FOXSPORTS.CO.ID – Jika catatan statistik tak bisa dijadikan acuan, maka harus apalgi bukti valid yang bisa dijadikan perbandingan. Karena, dalam tiga musim terakhir, perwakilan Indonesia di Asia yang bermain di play-off Liga Champions Asia (LCA) semakin terjun bebas performa dan hasil akhirnya.

Kemarin, Bali United harus terhenti lagi di play-off kedua saat bertandang ke markas Melbourne Victory di Australia. Tak tanggung-tanggung, Robbie Kruse dkk bantai habis Stefano Lilipaly dkk dengan skor 5-0.

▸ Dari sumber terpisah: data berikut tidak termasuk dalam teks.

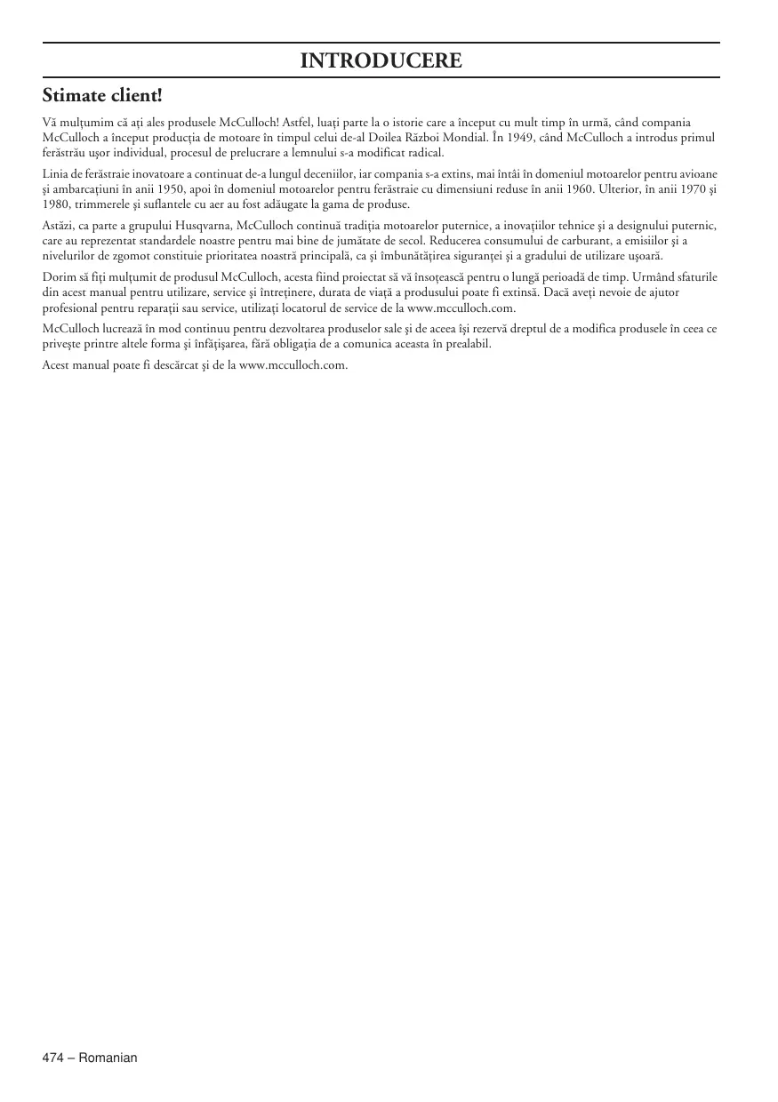 Romanian – 473 INTRODUCERE Stimate client! Vã mulöumim cã aöi ales produsele McCulloch! Astfel, luaöi parte la o istorie care a început cu mult timp în urmã, când compania McCulloch a început producöia de motoare în timpul celui de-al Doilea Rãzboi Mondial. În 1949, când McCulloch a introdus primul ferãstrãu uäor individual, procesul de prelucrare a lemnului s-a modificat radical. Linia de ferãstraie inovatoare a continuat de-a lungul deceniilor, iar compania s-a extins, mai întâi în domeniul motoarelor pentru avioane äi ambarcaöiuni în anii 1950, apoi în domeniul motoarelor pentru ferãstraie cu dimensiuni reduse în anii 1960. Ulterior, în anii 1970 äi 1980, trimmerele äi suflantele cu aer au fost adãugate la gama de produse. Astãzi, ca parte a grupului Husqvarna, McCulloch continuã tradiöia motoarelor puternice, a inovaöiilor tehnice äi a designului puternic, care au reprezentat standardele noastre pentru mai bine de jumãtate de secol. Reducerea consumului de carburant, a emisiilor äi a nivelurilor de zgomot constituie prioritatea noastrã principalã, ca äi îmbunãtãöirea siguranöei äi a gradului de utilizare uäoarã. Dorim sã fiöi mulöumit de produsul McCulloch, acesta fiind proiectat sã vã însoöeascã pentru o lungã perioadã de timp. Urmând sfaturile din acest manual pentru utilizare, service äi întreöinere, durata de viaöã a produsului poate fi extinsã. Dacã aveöi nevoie de ajutor profesional pentru reparaöii sau service, utilizaöi locatorul de service de la www.mcculloch.com. McCulloch lucreazã în mod continuu pentru dezvoltarea produselor sale äi de aceea îäi rezervã dreptul de a modifica produsele în ceea ce priveäte printre altele forma äi înfãöiäarea, fãrã obligaöia de a comunica aceasta în prealabil. Acest manual poate fi descãrcat äi de la www.mcculloch.com. 474 – Romanian

Kemudian jika membandingkan dengan dua edisi sebelumnya di play-off kedua LCA, tahun 2019 lalu Persija mampu paksa Newcastle Jets hingga perpanjangan waktu meski akirnya kalah 3-1. Pada 2018, Bali United malah kalah tipis saja dari Chiangrai United dengan skor 2-1 di perpanjangan waktu juga.

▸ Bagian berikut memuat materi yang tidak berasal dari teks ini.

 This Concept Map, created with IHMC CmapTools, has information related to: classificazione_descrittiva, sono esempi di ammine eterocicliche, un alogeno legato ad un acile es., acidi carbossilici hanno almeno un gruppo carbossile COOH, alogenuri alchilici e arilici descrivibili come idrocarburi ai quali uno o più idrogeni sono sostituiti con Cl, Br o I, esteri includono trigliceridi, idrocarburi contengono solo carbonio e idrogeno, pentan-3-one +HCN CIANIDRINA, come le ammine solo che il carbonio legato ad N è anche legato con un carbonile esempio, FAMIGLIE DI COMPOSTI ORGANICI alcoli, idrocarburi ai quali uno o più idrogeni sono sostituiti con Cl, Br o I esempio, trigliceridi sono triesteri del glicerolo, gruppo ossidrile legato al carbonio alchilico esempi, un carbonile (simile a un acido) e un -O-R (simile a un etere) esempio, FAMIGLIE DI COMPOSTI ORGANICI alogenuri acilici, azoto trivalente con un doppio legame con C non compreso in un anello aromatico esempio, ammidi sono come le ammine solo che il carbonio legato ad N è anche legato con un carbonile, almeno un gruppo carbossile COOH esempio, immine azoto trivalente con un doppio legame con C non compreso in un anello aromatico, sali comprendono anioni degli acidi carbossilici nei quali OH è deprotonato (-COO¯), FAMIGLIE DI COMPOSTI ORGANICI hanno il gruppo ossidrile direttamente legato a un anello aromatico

Berikut ada tiga hal yang mampu diperbaiki Bali United, federasi dan juga klub Indonesia lainnya jika ingin berprestasi di ajang LCA…

Persiapan Yang Matang

Pepatah mengatakan “By failing to prepare, you are preparing to fail” atau jika diterjemahkan maka “dengan gagalnya persiapan, maka anda menyiapkan kegagalan.”

Frasa ini sangat tepat bagaimana seharusnya tiap klub menatap kompetisi Asia. Secara administrasi, Bali United sukses memperdalam skuat lewat transfer ciamik mereka dan sukses juga mempertahankan pilar yang bantu juara Liga 1 di musim 2019 lalu.

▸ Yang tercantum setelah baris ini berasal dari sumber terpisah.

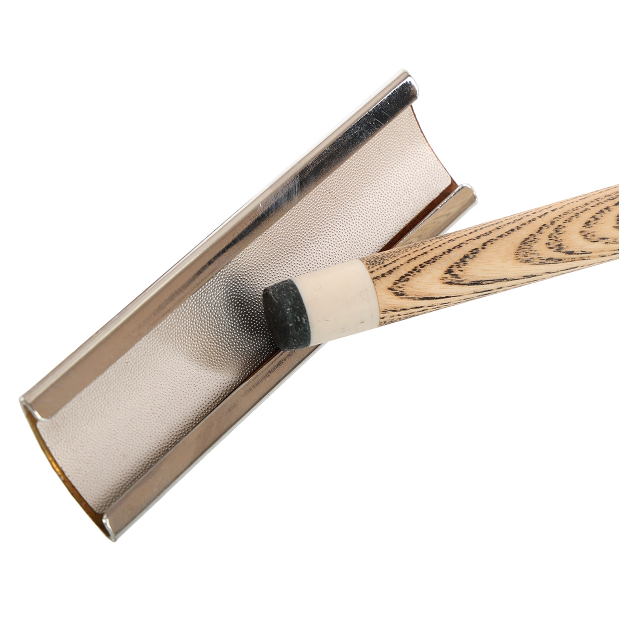 Металева точилка для більярдного кия - важкий якісний інструмент, який дозволить довести до ладу кий між партіями або після тривалого простою. Завдяки підвищеній абразивності і жорсткості такий виріб дозволяє розчісувати поверхню наклейки кия. Інструмент виготовлений з металу і тому дозволяє якісно обробити поверхню наклейки, не деформуючись в процесі використання. Натискання на поверхню наклейки буде рівномірним, і зняття шару також буде рівномірним. Махровка має розмір 10x3 см.

Namun satu yang dipahami, play-off LCA akan bergulir di pertengahan Januari setiap tahunnya. Jika Liga 1 2019 baru selesai di pertengahan/akhir Desember, maka klub yang lolos ke Asia harus atur jadwal libur pemian, pra-musim, urusaan kontrak baru dan lain-lain.

Yang benar saja, PSSI dan PT Liga? Jika jadwal kompetisi terus-terusan berantakan maka tak heran persiapan pra-musim untuk matangkan taktik dan teknik nantinya akan mepet dan selalu dialami oleh wakil Indonesia di kancah Asia.